PROVIDENCE, R.I. [Brown University] — Thanks to a nonprofit founded by a Brown graduate and alumni affiliated with the University’s computer science department, more than 400 public school teachers in Providence will soon get a second computer monitor to help with remote instruction during the COVID-19 pandemic.
The donation comes from Two Screens for Teachers, launched by tech entrepreneur and Class of 1998 Brown graduate Matthew Lerner. Since its founding last September, the organization has provided 24,000 monitors to teachers nationwide and continues to expand. The Providence donation was funded largely by Brown alumni and made in honor of Andy van Dam, a legendary Brown professor and computer graphics pioneer.
“A second screen lets teachers see their students on one screen and their lesson plans on the other,” Lerner said. “A second monitor helps teachers and students immediately with remote learning during COVID.”
Van Dam says he’d been in contact with Lerner about the project and had been helping out with it various ways, but he had no idea that the donation in Providence would be made in his honor.

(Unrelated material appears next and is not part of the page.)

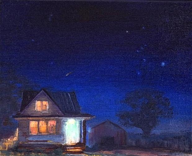 "Farmhouse, 5am (with constellation Orion)" 8 X 10

“It brought tears to my eyes when I got an email from [Lerner] with a link to a ProJo article about it,” he said. “In short, I kvelled. [The project] addresses an absolute immediate need. It’s crazy for teachers to try to work off laptops, where they have to choose between looking at their [lesson] or looking at their students. I think the project is just brilliant and I love Matt for doing it.”

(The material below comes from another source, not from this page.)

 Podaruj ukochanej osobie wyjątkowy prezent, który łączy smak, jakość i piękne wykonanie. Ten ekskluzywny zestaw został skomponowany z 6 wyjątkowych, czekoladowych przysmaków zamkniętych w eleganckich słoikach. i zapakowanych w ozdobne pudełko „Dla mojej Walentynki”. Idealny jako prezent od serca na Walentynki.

The donation to Providence teachers is valued at approximately $50,000.
“This has been an incredibly challenging 12 months for our teachers as they adjust to changes not only in their daily routines but in their instructional delivery," said Harrison Peters, superintendent of Providence Public Schools. "We are indebted to project founders Matt Lerner and Mike Mathieu for seeing a need and taking action. And, we are so grateful to our partners at Brown University for once again stepping up to support the Providence community.”
Lerner says he got the idea for Two Screens for Teachers after talking to his neighbor, whose mother is a teacher and had been struggling with a single monitor. “I realized that in a complicated world during unprecedented times, a second screen is a simple thing we can do right now to help teachers,” Lerner wrote in a blog post.
A week after launch, the organization says it had 10,000 requests for monitors. By mid-October, the group had raised enough money to supply a monitor to every teacher in Seattle’s public schools. By January, they provided monitors to all San Francisco public school teachers. The organization has a waiting list of more than 170,000 teachers who have requested monitors and a goal to provide 250,000 monitors nationwide.
It is working with the education-focused nonprofit DonorsChoose to raise more money to fulfill those requests.